§ **What is being asked**
The lines below, from the first through the one containing "- شحن بارد مضمون", are to be given again exactly, with pictures left out and nothing added.

═════ Material provided

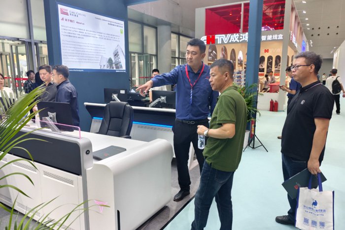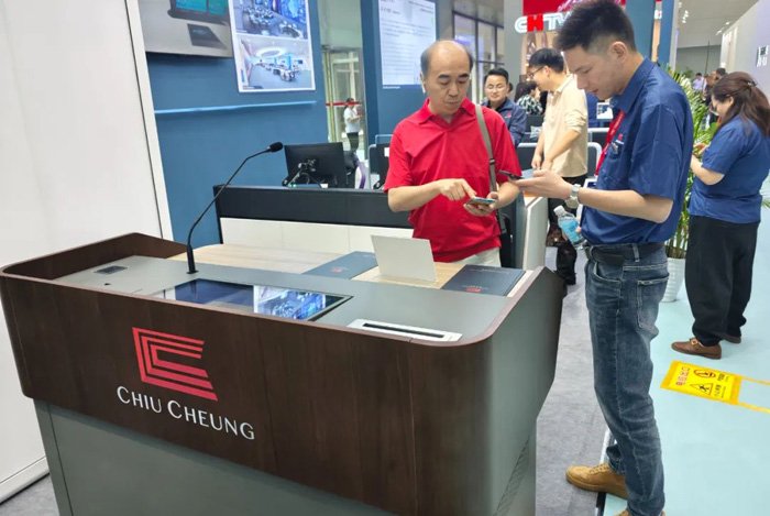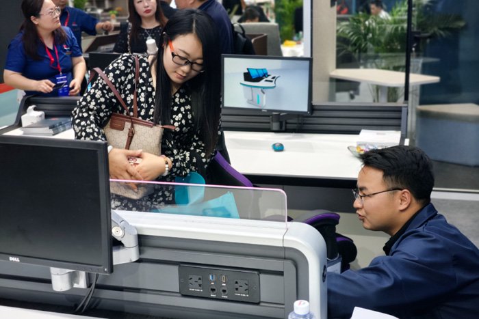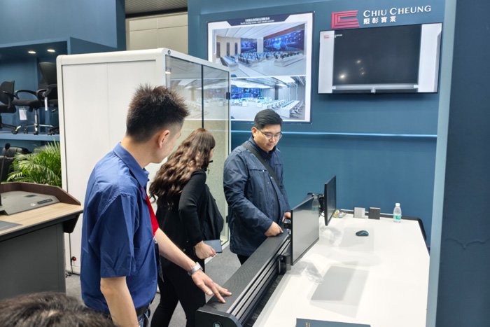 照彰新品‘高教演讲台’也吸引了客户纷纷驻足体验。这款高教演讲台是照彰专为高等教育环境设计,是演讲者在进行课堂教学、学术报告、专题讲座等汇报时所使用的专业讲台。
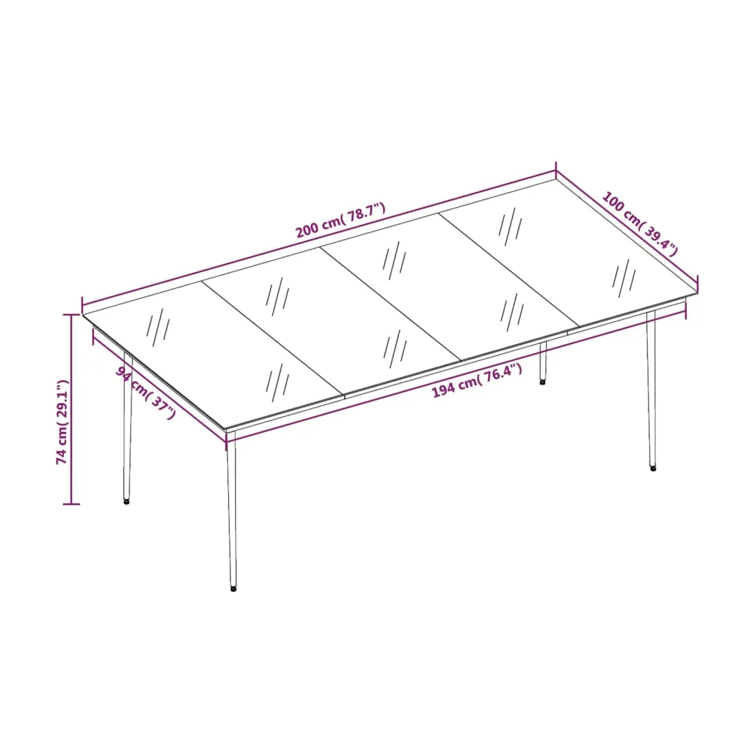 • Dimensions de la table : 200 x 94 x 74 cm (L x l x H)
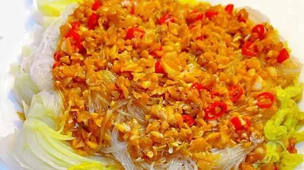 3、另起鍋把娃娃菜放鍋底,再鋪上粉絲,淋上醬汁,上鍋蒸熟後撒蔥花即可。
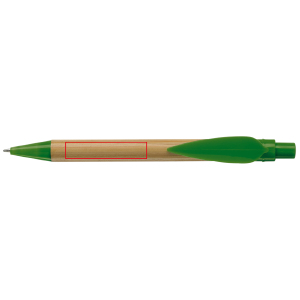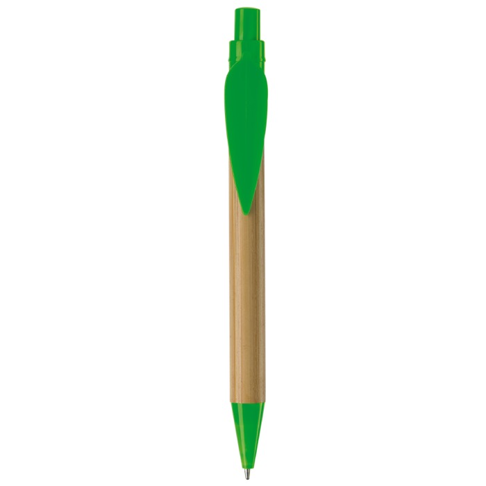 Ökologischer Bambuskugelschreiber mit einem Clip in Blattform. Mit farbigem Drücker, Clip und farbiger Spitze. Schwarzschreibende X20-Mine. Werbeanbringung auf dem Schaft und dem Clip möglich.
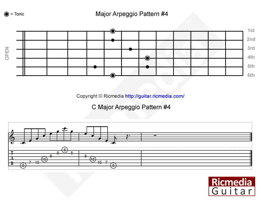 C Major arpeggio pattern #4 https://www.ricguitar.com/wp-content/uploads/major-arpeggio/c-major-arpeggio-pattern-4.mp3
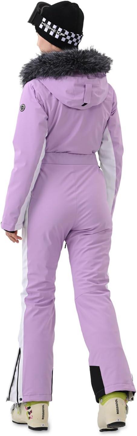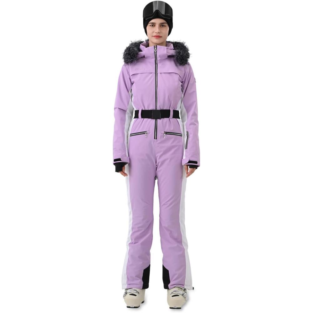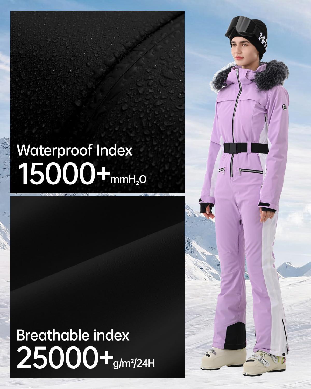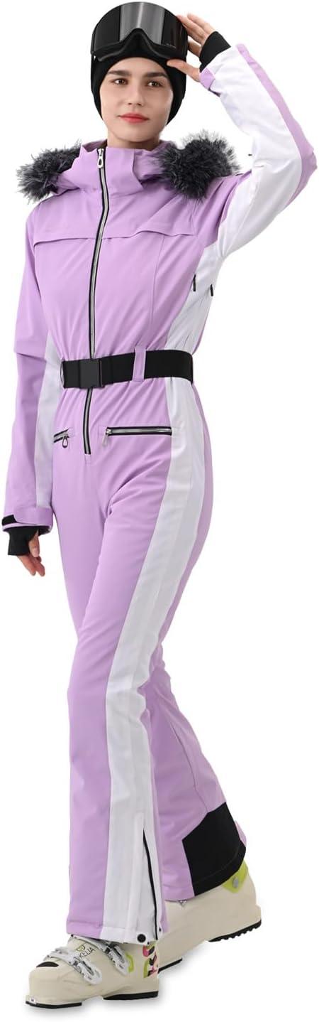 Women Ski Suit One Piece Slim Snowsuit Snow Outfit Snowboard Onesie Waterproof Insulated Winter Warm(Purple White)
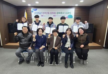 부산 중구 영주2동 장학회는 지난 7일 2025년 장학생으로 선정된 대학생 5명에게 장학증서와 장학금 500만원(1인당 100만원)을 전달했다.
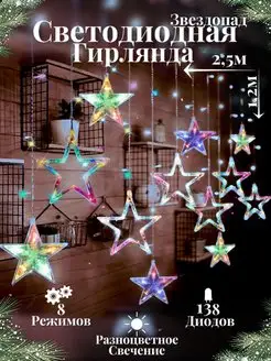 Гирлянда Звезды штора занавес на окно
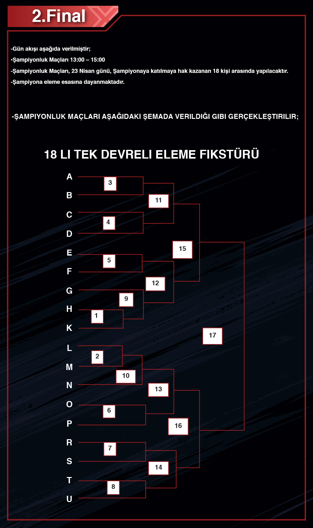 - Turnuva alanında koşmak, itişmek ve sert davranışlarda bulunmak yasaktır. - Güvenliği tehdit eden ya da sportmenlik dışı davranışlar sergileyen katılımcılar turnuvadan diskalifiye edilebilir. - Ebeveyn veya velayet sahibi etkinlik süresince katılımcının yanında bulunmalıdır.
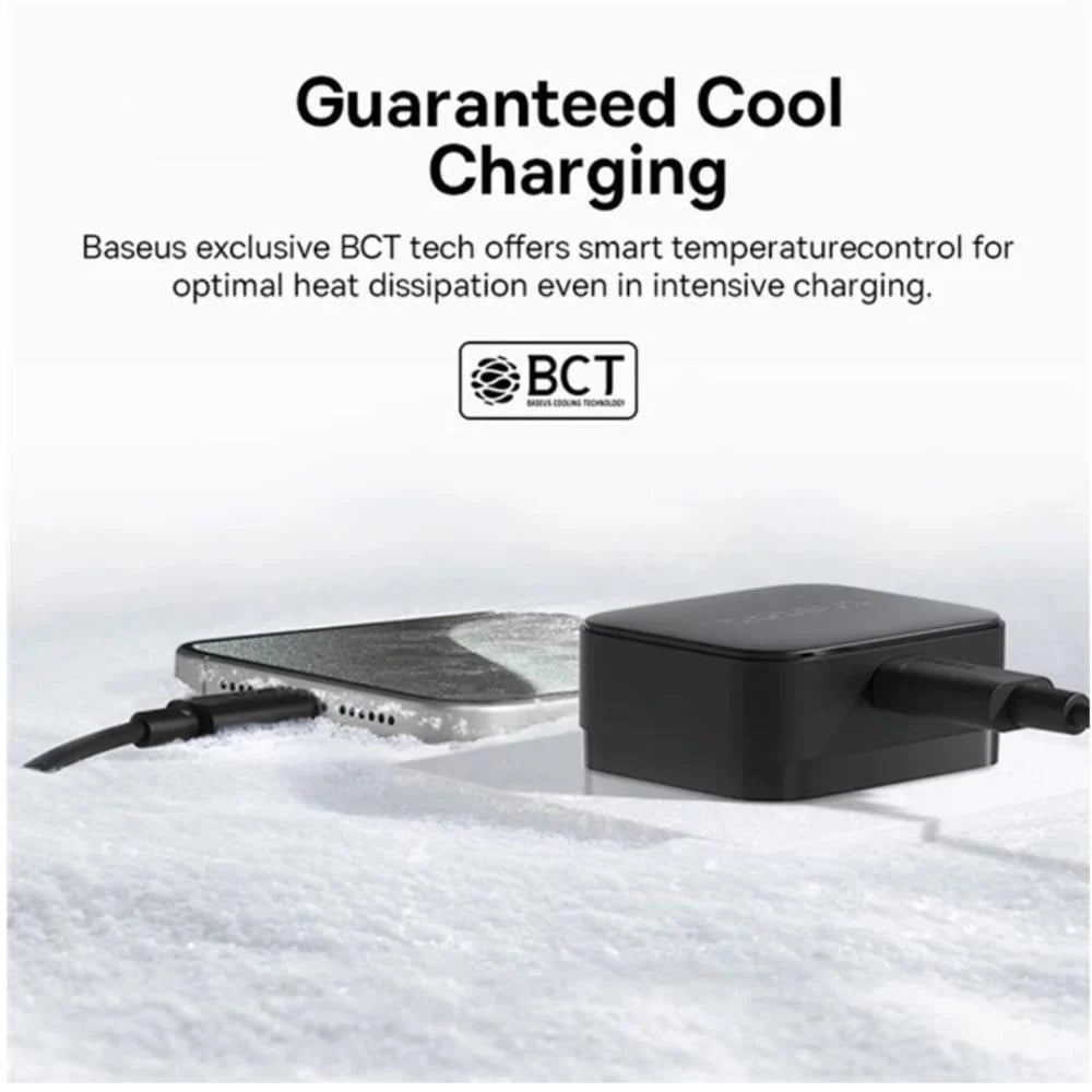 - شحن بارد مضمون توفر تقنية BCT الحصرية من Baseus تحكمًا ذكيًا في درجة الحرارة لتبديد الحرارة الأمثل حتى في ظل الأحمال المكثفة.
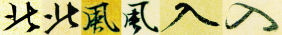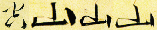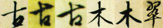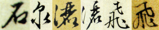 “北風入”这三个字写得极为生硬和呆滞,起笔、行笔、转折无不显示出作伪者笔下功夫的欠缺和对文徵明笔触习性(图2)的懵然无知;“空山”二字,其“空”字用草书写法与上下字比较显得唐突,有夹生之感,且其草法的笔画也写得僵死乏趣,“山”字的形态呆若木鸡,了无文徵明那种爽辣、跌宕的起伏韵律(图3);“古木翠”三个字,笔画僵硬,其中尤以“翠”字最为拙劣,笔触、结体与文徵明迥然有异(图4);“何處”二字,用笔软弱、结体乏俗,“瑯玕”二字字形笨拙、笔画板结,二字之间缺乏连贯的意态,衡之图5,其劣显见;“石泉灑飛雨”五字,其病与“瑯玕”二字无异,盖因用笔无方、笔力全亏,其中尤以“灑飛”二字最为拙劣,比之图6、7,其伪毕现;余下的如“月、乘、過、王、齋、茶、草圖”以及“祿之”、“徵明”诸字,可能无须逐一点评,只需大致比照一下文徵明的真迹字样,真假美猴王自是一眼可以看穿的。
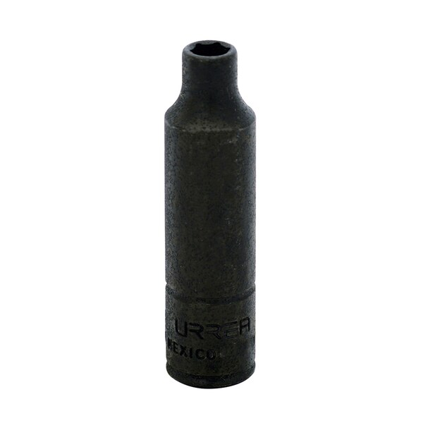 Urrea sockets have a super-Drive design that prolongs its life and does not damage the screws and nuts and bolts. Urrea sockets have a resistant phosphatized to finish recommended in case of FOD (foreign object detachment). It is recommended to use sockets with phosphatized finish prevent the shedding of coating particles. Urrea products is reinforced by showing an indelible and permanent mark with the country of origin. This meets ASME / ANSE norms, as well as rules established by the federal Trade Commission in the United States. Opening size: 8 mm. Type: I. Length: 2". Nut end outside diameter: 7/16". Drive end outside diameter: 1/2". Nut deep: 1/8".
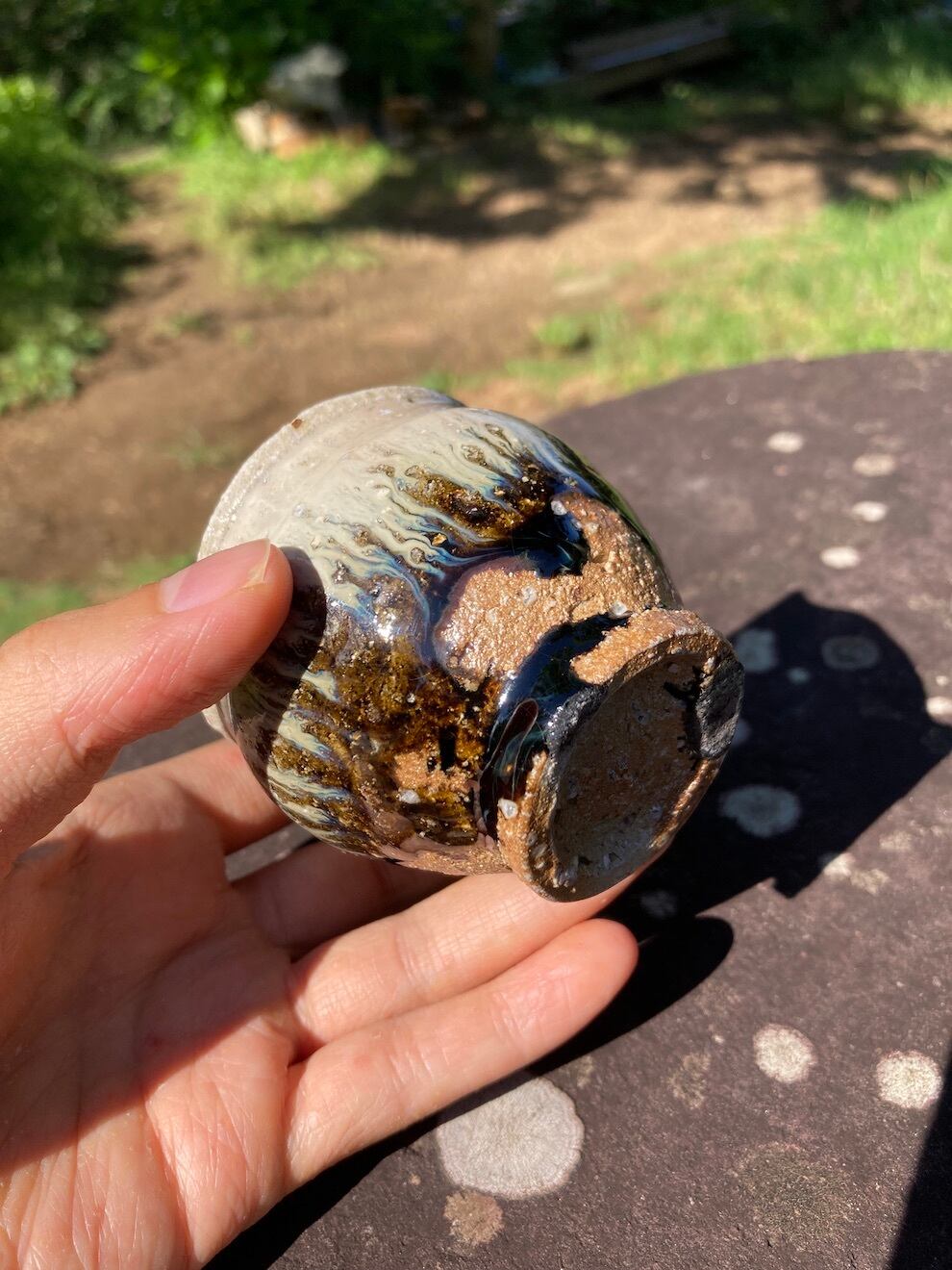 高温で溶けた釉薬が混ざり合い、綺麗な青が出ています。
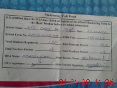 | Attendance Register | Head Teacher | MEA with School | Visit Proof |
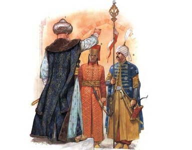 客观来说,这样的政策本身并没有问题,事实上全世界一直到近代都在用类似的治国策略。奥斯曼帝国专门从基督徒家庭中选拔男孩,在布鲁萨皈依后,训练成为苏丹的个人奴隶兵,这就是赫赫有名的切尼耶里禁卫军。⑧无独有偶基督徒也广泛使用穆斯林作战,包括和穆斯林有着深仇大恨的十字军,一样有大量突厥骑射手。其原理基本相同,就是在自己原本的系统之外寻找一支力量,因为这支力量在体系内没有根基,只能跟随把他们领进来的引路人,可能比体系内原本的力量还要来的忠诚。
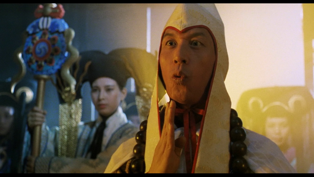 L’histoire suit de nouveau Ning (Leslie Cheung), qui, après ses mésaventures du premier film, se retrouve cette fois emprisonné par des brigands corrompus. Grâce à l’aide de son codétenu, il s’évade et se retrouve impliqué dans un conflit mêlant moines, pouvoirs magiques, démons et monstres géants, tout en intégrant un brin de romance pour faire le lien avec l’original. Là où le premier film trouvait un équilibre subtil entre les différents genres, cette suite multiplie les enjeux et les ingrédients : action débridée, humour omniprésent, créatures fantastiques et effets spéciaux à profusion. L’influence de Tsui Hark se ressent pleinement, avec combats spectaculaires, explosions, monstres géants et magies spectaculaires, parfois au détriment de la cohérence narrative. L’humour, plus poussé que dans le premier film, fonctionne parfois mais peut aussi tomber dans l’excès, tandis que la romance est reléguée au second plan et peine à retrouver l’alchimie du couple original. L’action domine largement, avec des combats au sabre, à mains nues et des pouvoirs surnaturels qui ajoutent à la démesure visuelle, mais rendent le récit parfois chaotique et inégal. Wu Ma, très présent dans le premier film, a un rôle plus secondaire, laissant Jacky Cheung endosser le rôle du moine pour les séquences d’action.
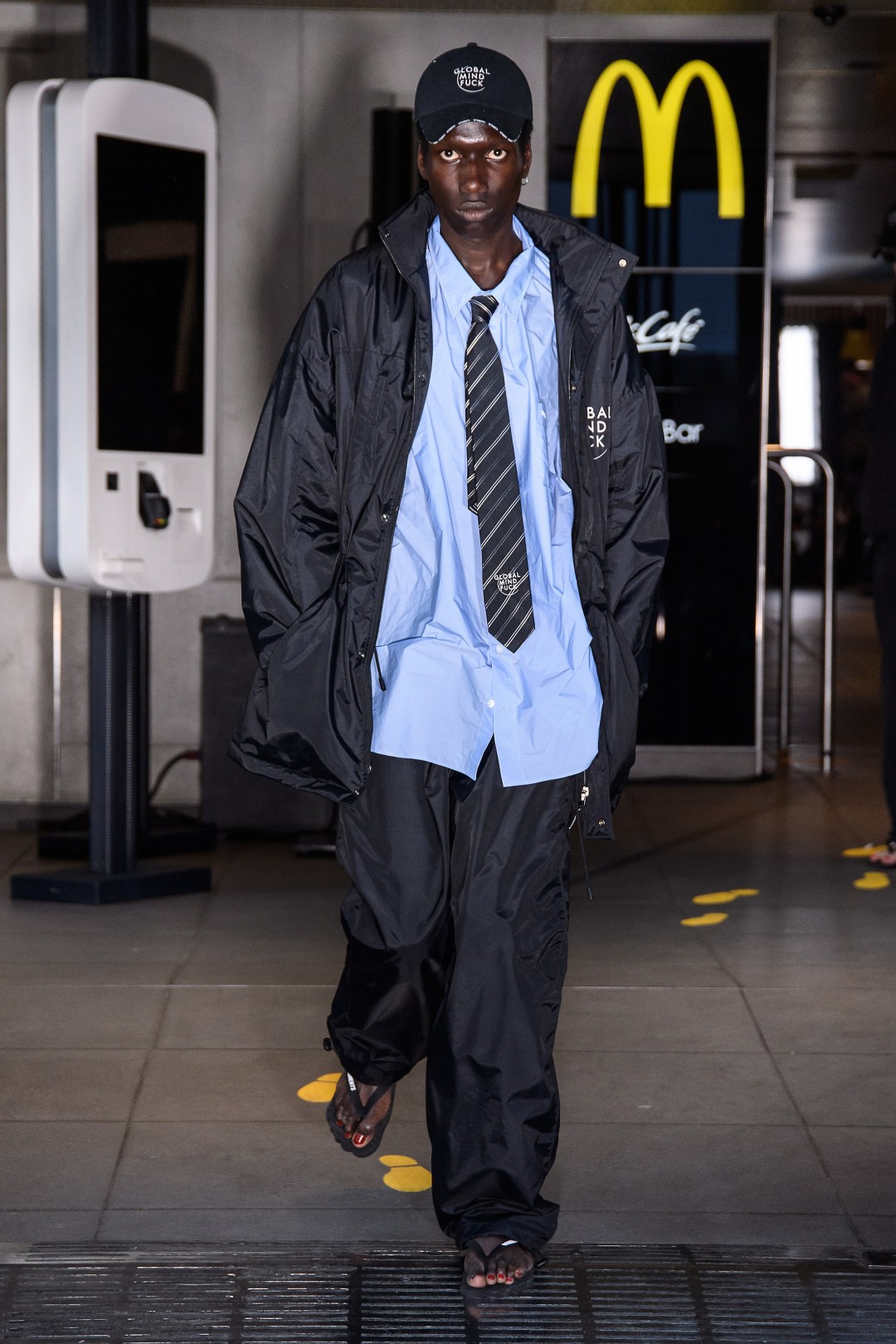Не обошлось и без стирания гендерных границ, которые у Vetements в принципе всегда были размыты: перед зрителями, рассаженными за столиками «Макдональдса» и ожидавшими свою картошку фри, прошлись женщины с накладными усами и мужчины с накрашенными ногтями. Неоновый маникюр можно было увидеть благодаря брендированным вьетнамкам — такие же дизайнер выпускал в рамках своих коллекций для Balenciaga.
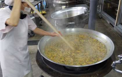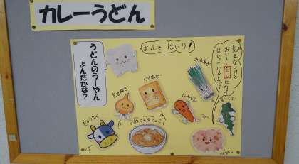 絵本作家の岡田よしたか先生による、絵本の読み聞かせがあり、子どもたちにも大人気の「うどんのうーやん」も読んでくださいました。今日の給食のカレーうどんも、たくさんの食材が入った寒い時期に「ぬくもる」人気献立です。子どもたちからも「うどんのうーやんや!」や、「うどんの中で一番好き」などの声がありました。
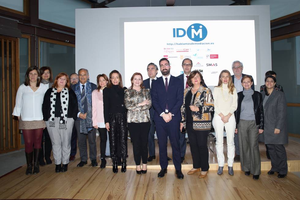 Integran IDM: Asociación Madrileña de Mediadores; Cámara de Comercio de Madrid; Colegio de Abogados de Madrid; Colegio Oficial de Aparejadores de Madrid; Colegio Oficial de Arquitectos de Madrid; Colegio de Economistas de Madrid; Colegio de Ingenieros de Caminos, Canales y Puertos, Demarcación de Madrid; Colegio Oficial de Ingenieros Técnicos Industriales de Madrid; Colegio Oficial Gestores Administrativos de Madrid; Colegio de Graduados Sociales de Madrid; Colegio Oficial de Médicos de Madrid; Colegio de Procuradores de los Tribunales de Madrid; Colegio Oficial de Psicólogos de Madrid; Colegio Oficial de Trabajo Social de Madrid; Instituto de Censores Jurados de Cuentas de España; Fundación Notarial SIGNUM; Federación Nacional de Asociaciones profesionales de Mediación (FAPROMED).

══════════

§ **Response area**
 照彰新品‘高教演讲台’也吸引了客户纷纷驻足体验。这款高教演讲台是照彰专为高等教育环境设计,是演讲者在进行课堂教学、学术报告、专题讲座等汇报时所使用的专业讲台。
 • Dimensions de la table : 200 x 94 x 74 cm (L x l x H)
 3、另起鍋把娃娃菜放鍋底,再鋪上粉絲,淋上醬汁,上鍋蒸熟後撒蔥花即可。
 Ökologischer Bambuskugelschreiber mit einem Clip in Blattform. Mit farbigem Drücker, Clip und farbiger Spitze. Schwarzschreibende X20-Mine. Werbeanbringung auf dem Schaft und dem Clip möglich.
 C Major arpeggio pattern #4 https://www.ricguitar.com/wp-content/uploads/major-arpeggio/c-major-arpeggio-pattern-4.mp3
 Women Ski Suit One Piece Slim Snowsuit Snow Outfit Snowboard Onesie Waterproof Insulated Winter Warm(Purple White)
 부산 중구 영주2동 장학회는 지난 7일 2025년 장학생으로 선정된 대학생 5명에게 장학증서와 장학금 500만원(1인당 100만원)을 전달했다.
 Гирлянда Звезды штора занавес на окно
 - Turnuva alanında koşmak, itişmek ve sert davranışlarda bulunmak yasaktır. - Güvenliği tehdit eden ya da sportmenlik dışı davranışlar sergileyen katılımcılar turnuvadan diskalifiye edilebilir. - Ebeveyn veya velayet sahibi etkinlik süresince katılımcının yanında bulunmalıdır.
 - شحن بارد مضمون توفر تقنية BCT الحصرية من Baseus تحكمًا ذكيًا في درجة الحرارة لتبديد الحرارة الأمثل حتى في ظل الأحمال المكثفة.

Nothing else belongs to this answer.